Most investors are quite aware that BT is very cash generative but I am not convinced that all realise just how cash generative it is. Consider free cash flow. Of course estimates of true free cash flow are uncertain (to say nothing of difficult to do), so look at the more pessimistic measure of free cash flow post all capital expenditure (as opposed to just maintenance capex for a real free cash flow). BT should be able to keep this above 20p, most likely well above.
With BT’s share price currently at 221p, this implies that BT’s likely sustainable free cash flow per share (on this pessimistic measure) will be more than 10% of the current share price, and could well be over 15%.
As this is post capital expenditure, this is cash flow available to the shareholders after paying for investment in BT’s “new wave” businesses and its “21st Century” network upgrade.

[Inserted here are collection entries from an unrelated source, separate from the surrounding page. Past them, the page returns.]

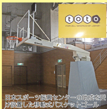
日本スポーツ振興センターの助成金を受け設置した移動式バスケットゴール

岩瀬体育館「ラスカ」に新しい移動式バスケットゴールを設置しました。これは、既存の移動式バスケットゴールの老朽化に伴い日本スポーツ振興センターのスポーツ振興くじ（toto）助成金を利用して設置したものです。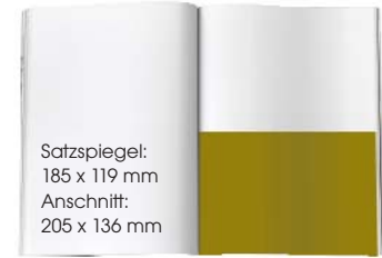
1/2 SEITE QUER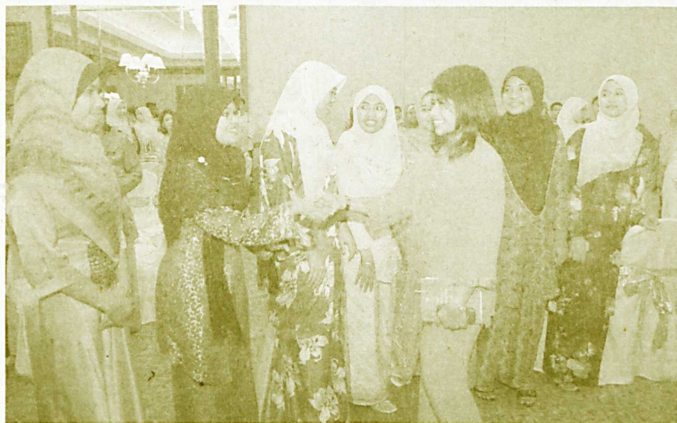
Kehadiran yang disambut meriah.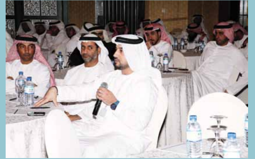
The Nationals Forum was a good platform for the company's Emirati employees to meet and raise their questions and queries to the senior management team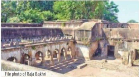
File photo of Raja Bakhri

unique initiative to identify and research on local historical monuments. "A few years back, INTACH had proposed the State government for renovation of Raja Bakhri. A detailed project report of ₹2.5 crore was also submitted. However, there has been no progress in this regard so far," he informed. Raja Bakhri is one of the biggest palaces in Odisha. It was built by King Chhatra Sai in the early 17th Century. The two-storey building has around 40 rooms. According to researchers, Surendra Sai had stayed in the palace for a few days during the 1857 uprising after he entered Sambalpur with 1,500 of his supporters. Besides, local freedom fighters had waved the national flag atop Raja Bakhri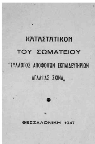
Εἰκ. 20. Καταστατικὸ τοῦ Συλλόγου Αποφοίτων Αγλαΐας Σχινά, τοῦ ἔτους 1947. Articles of the association «Union of Graduates of the Educational Institutions of Aglaia Schina» in the year 1947.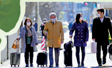
▼日本航空自衛隊女成員因遭性騷擾控告政府，圖為原告律師27日現身法院。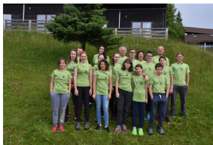
Slika 1: Raziskovalni tabor Rogla 2018

Tabor v organizaciji ZOTKS in Občine Zreče poteka ob podpori Društva ljudske tehnike Zreče, podjetja Unitur, d. o. o., Sklada za naravo Pohorje, Zavoda RS za varstvo narave, OE Celje, in Zavoda za varstvo kulturne dediščine Slovenije, OE Maribor.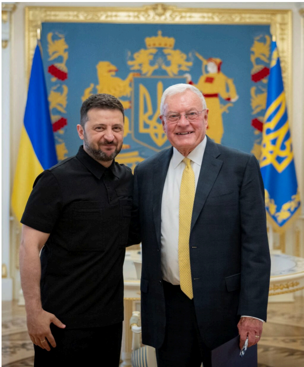
Президент Украины Владимир Зеленский с специальным представителем США по Украине Китом Келлогом 14 июля 2025 года в Киеве, Украина.

По-прежнему речь идет о сотрудничестве соответствующих спецслужб, ужесточении санкций против России, расширении военной помощи США и максимальных требованиях к России, которая после этого должна немедленно капитулировать. О «нормализации» отношений с Россией и речи не идет.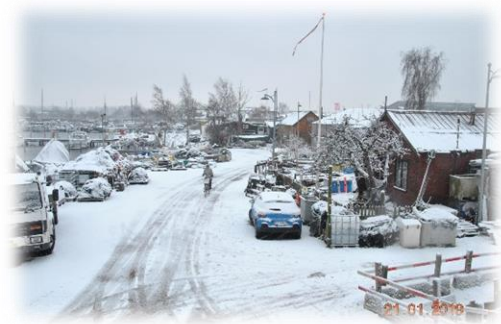
Billede 5: Fiskerhavnen.

Det bliver i Grindsted et al. (2018) beskrevet, hvordan “anlægsarbejdet blev iværksat for at undgå tysk deportation af arbejdsløse til den tyske krigsindustri” (Grindsted et al., 2018: 203). I 1943 blev havnen taget i brug af lystsejlere, og i 1948 flyttede garnfiskerne, der tidligere havde ophold sig på Djævløen, derhen (ibid.: 203). Det har siden da været et sted for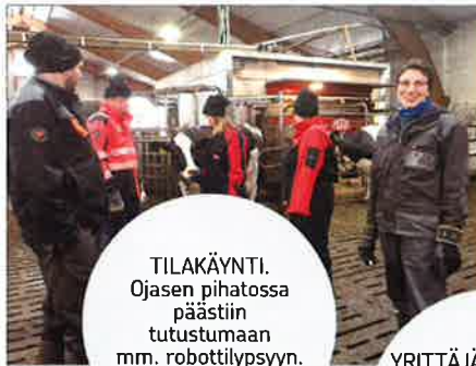
TILAKÄYNTI. Ojases pihatossa päästiin tutustumaan mm. robottilypsyyn. Lokakuu 2018.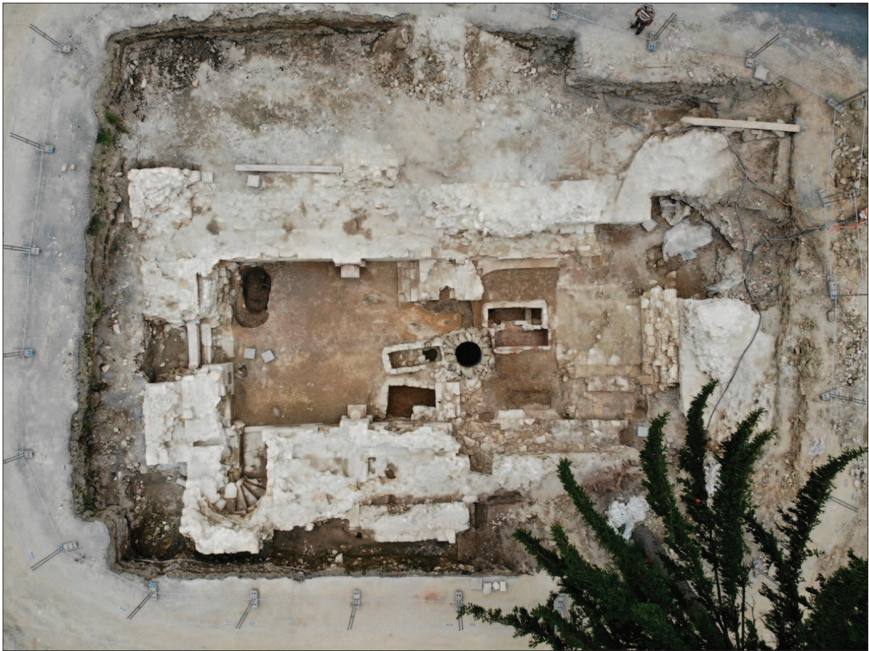
Sl. 13 Pogled na kapelu tijekom istraživanja

Fig. 13 View of the chapel during the excavations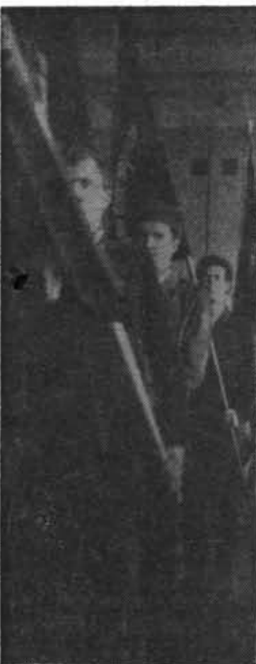
Всероссийное комсомольское собрание. Вынос знамени.

С 19 ПО 21 МАЯ в нашем институте проходила организованная Министерством высшего и среднего специального образования СССР Всесоюзная конференция по созданию и внедрению новых оптических систем различного назначения.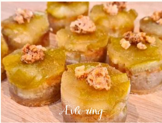
Able-riing Fyldig kage med en fast mandelbund på sprød mørdej, toppet med en delikat æblekompot tilsmagt med ingefær.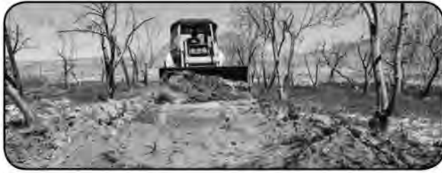
احکام صادر شده از مراجع قضایی مبنی بر پر کردن چاه‌های غیر مجاز در استان.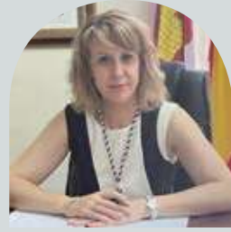
Raquel Jurado Alcaldesa de Almadén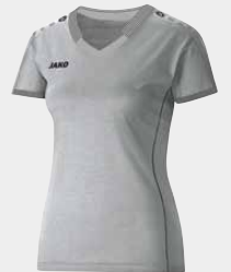
Taillierter Damenschnitt in allen Farben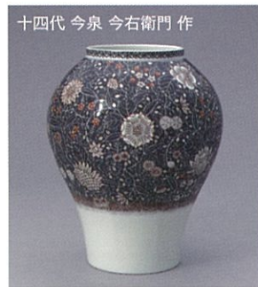
十四代 今泉 今右衛門 作 『色絵雪花墨色墨はじき草花更紗文花瓶』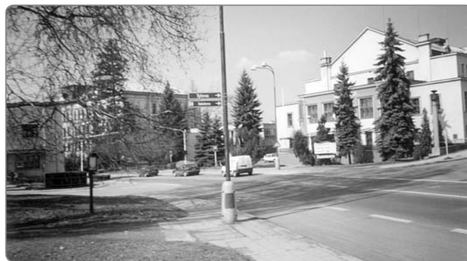
Současný pohled na bývalé náměstí čs. Legii.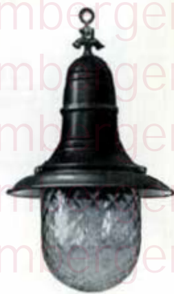
1276 à fixation par vis et globe de verre optophone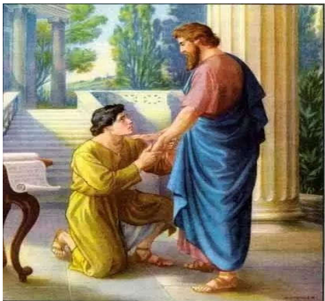
(阿尼西母向腓利门负荆请罪)

里负荆请罪。这意味着他愿意面对他应得的惩罚。阿尼西母选择了让神借着耶稣基督做他生命的主。从此他就成了神的仆人，成了一个有用的人。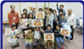
NPO法人かながわ311ネットワーク 防災プログラムの検証、啓発イベント実施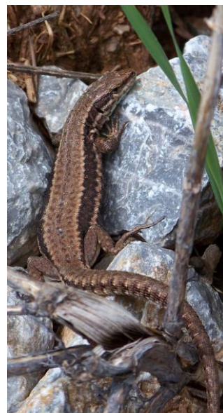
Noter en particulier la ligne vertébrale claire du Lézard égéen Podarcis erhardii ci-dessus et celle plus sombre du Lézard des murailles Podarcis muralis de droite (plus marquée que les dorsolatérales) ; accessoirement les marques noires et blanches de la queue du second... Prespa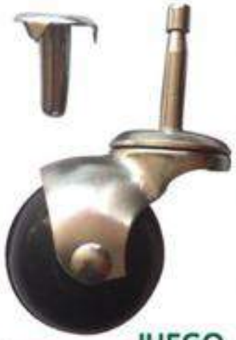
JUEGO ESPIGA 1 5/8"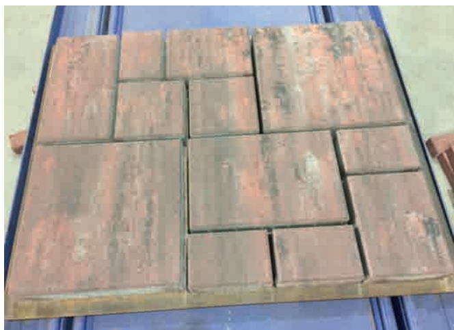
Образец с красной меланжевой окраской Multi Colour

Точность системы очень высока. Это достигается за счет вибрационных патрубков, которые приводятся в действие пневматическими вибраторами. Они могут работать на разных скоростях и с разной интенсивностью. На основе этих функций по каждому требованию и цвету можно подобрать свои настройки. Для больших партий решающее значение имеет скорость, для малых партий – точность по отношению к общему объему.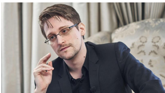
Бывший агент АНБ Эдвард Сноуден

Разумеется, всё это пока лишь догадки. Тот же Alphonso вроде бы играет по правилам и старается не нарушать личного пространства пользователей без разрешения. Впрочем, и он не совсем чист на руку — к примеру, представители компании уверяли граждан, что алгоритм не используется в приложениях для детей. Это оказалось ложью — его следы были найдены в развивающих играх вроде Teeth Fixed. Если они запросто смогли переступить эту черту, да ещё и соврать клиентам в глаза, — кто знает, на что ещё способна Alphonso и ей подобные? Кто-то скажет, что это просто паранойя. Но как говаривал Курт Кобейн, «если ты — параноик, ещё не значит, что за тобой не следят». Так-то.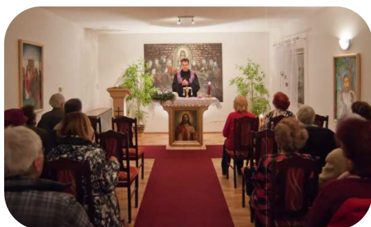
Sbor Páně v Račicích

Jistý člověk jménem Jan považoval Vánoce za zcela bezvýznamný svátek. Večer 24. prosince měl za nejsmutnější v roce, protože různí lidé si tehdy uvědomují, jak osamělí jsou, nebo si připomínají milovanou osobu, jež toho roku zemřela. Honza byl dobrý člověk.

It does not matter whether BT uses this money to pay dividends (it would be very surprising to see more than half go there in the short term), to by back shares (another return to investors) or to pay down debt. In either case it is money made for the shareholders and an increase in shareholder wealth.
Obviously there is a downside to this spectacular return (particular when it comes from a reasonably stable business, so not too much of it can be risk premium). Investors seem to expect that BT faces a gradual long term decline. It is certainly true that the heavily regulated fixed lines voice business faces a long slow decline. However the company has done very well so far in replacing revenues and profits from its traditional business with “new wave” business and, for the moment at least it seems likely to produce growth (albeit low growth) rather than actual decline.